The report for the Get Britain Cycling parliamentary inquiry calls for political leadership to effect change.

Leadership from the top required if we are to increase cycling

A parliamentary report on the future of cycling in Britain calls for roadspace reallocation and more cash for cycling. The report – published today – also calls for a national cycling champion to lead a drive for 10 per cent of all journeys in Britain to be by bicycle by 2025. More of the transport budget should be spent on supporting cycling, at an initial rate of at least £10 per person per year, increasing as cycle levels increase, says the report by the All-Party Parliamentary Cycling Group.

The report – sponsored by The Times and the Bicycle Association – is based on the six week ‘Get Britain Cycling’ inquiry, which started to hear evidence in January. The 16-page summary report also calls for 20mph speed limits to become standard in urban areas and lower speed limits on many rural roads. It also says that all children should be given the chance to learn the skills of on-road cycling, at primary and secondary school.

The Times’ cycle safe campaign led to the creation of the inquiry and the newspaper is today seeking to capitalise on the report’s launch to get 100,000 signatures on a petition on the Government’s petition website. This may then trigger a debate in parliament.

The inquiry heard evidence from over 100 individuals and organisations, including cycling organisations, the Automobile Association, and a wide range of government departments and ministers.

More cycling will lead to reduced congestion, environmental benefits and healthier citizens, said the report. The aim is increase cycle use from less than 2 per cent of journeys in 2011, to 10 per cent of all journeys in 2025, and 25 per cent by 2050.

For this to happen, leadership is needed right from the top, the MPs and Peers conclude. Cycling should also be considered at an earlier stage in all planning decisions, whether transport schemes or new houses or businesses and More use should be made of segregated cycle lanes, learning from the Dutch experience.

Julian Huppert, MP for Cambridge and co-chair of the group, said: "Cycling has huge advantages – it is fast, safe, healthy, efficient, reliable, environmentally sound, and fun. We all benefit when people choose to cycle.

"One of the most consistent points made was that lower speed limits reduce the number and severity of collisions for both pedestrians and cyclists – we should heed that advice. It will improve safety and reduce the fear of cycling that too many feel.

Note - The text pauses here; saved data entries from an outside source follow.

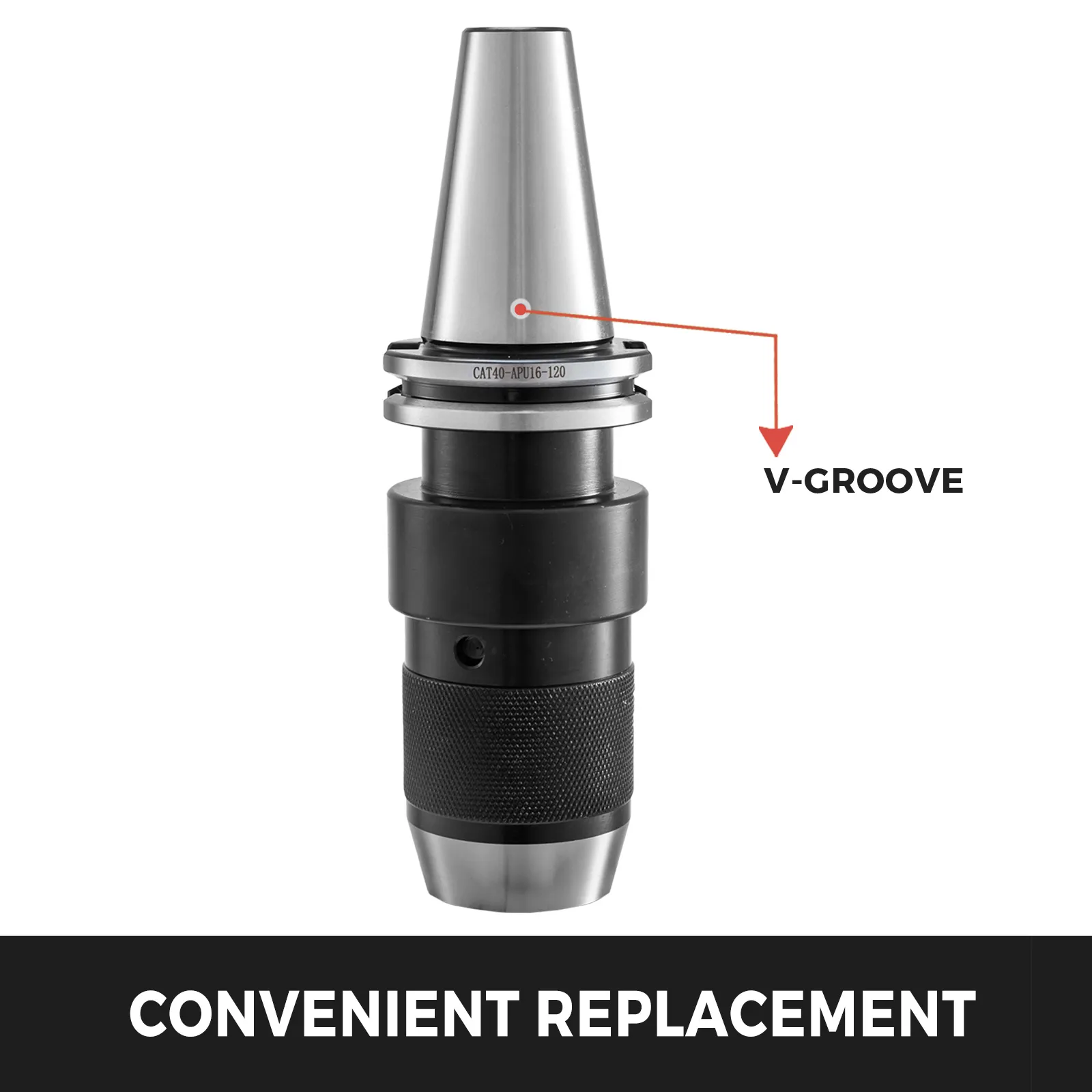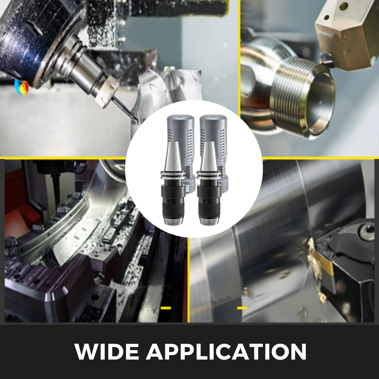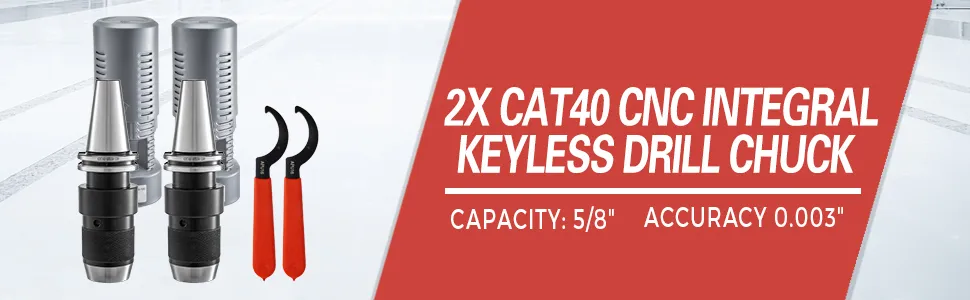 【EFFORTLESS TO OPERATE】- 2 CAT40 precision ball bearing keyless drill chucks, capacity: 5/8". Self-tightening key-less feature. Easy to use, safer than separate shank model.
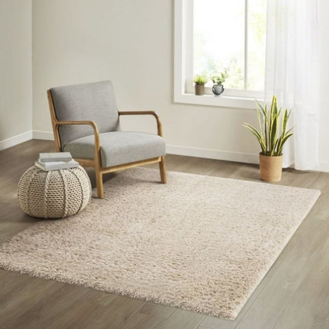 The Madison Park Camdyn Super Soft Polyester Shag Area Rug offers a chic modern addition to your living space. This solid cream shag area rug flaunts a super soft, high pile that makes it well suited to high-traffic areas in your home. A transparent sprayed latex reverse helps prevent the area rug from sliding, but a rug pad is still highly recommended to keep the rug in place. Easy to clean using a vacuum without a brush or by spot cleaning, this super soft shag area rug brings a rich textural touch to complement your home decor.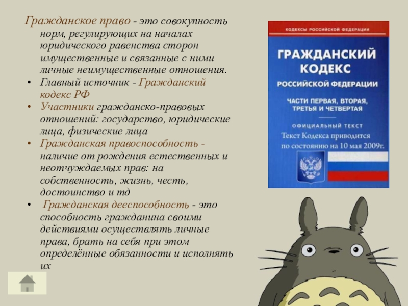 Слайд 8Гражданское право - это совокупность норм, регулирующих на началах юридического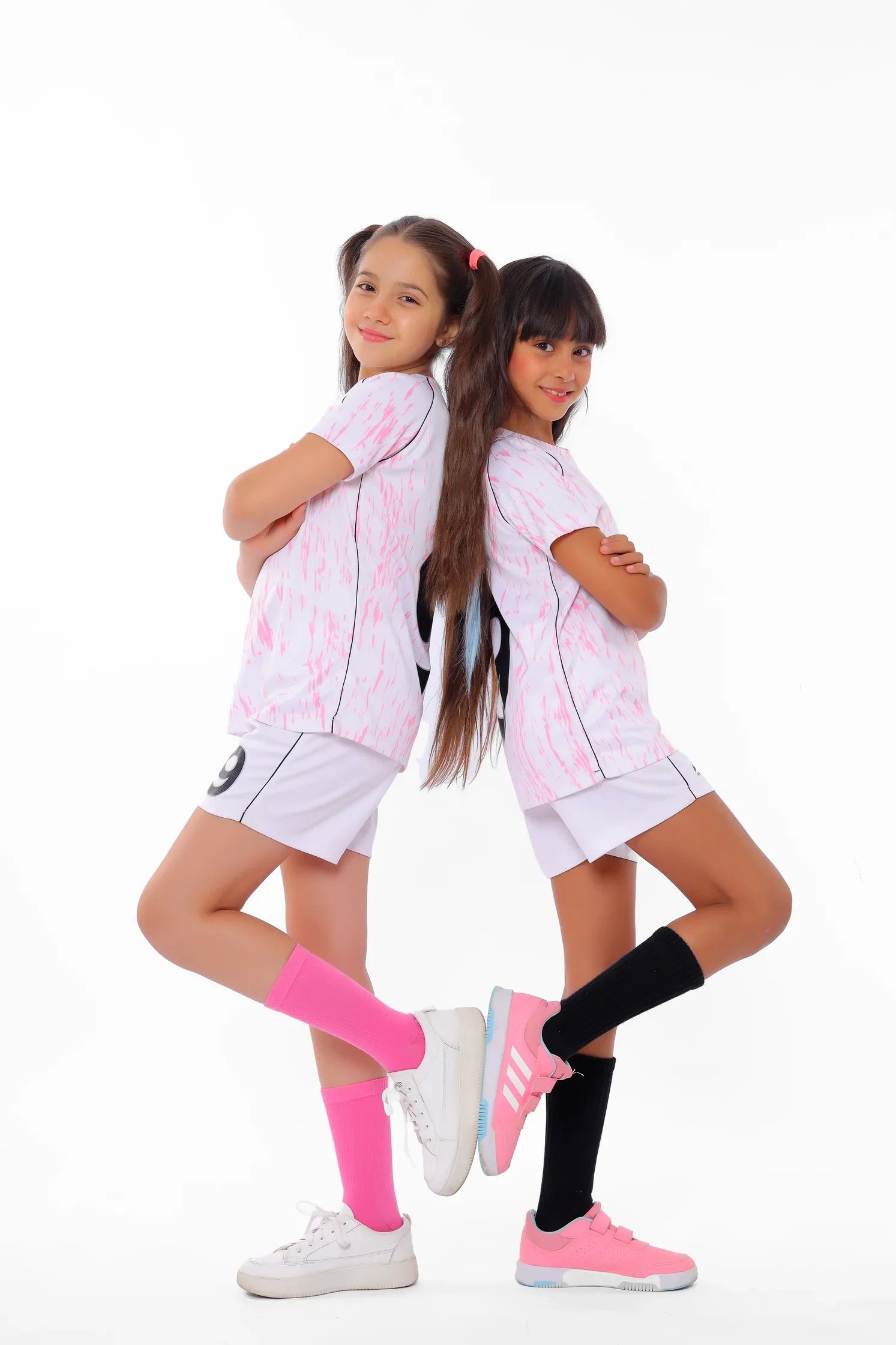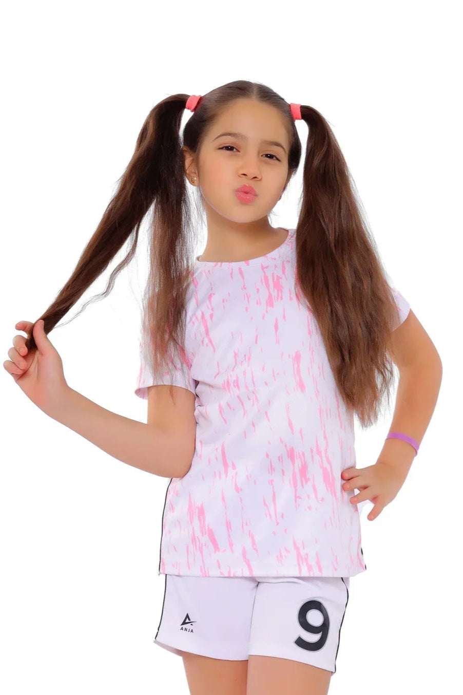 Girls White & Pink Splash Athletic Kit – Sporty T-Shirt and Shorts Set

"This generation of politicians has the chance to be long remembered for having a vision for cycling that includes us all. Put simply, Britain needs to re-learn how to cycle. This report sets out how this can be done."

Ian Austin, MP for Dudley North and co-chair of the group said: "Too often, cyclists are just an afterthought. When collisions happen, the police and courts let the victims down, with sentences that do not fit the harm caused – this must be changed.

"The real test of whether something is taken seriously in Government is who leads on it – and that means the Prime Minister has to take that lead."

Meg Hillier, MP for Hackney South and Shoreditch and vice chair of the group said: "In Hackney, strong political leadership has shown what can be done, with Hackney topping the league tables for journeys by bike in London. We now need that leadership nationally."

Journalist and broadcaster Jon Snow said: ‘At last, Parliament is pedalling the talk and recognising the urgent need for political leadership on actions for cycling. Whichever party peader now seizes this opportunity, will reap dividends."

The president of the Automobile Association, Edmund King, said "If the recommendations in Get Britain Cycling are followed through it should be the catalyst for change to put cycling on the front foot. We now need leadership to match this vision. Drivers and cyclists are often the same people and they should all welcome this report."

British Cycling’s Chris Boardman, said: "The benefits of getting more people to cycle in terms of health and improving the places in which we live are clear. We need to be ambitious and set ourselves quantifiable targets to increase the number of people on bikes. Only then will we have a yardstick against which we can measure our every action and policy."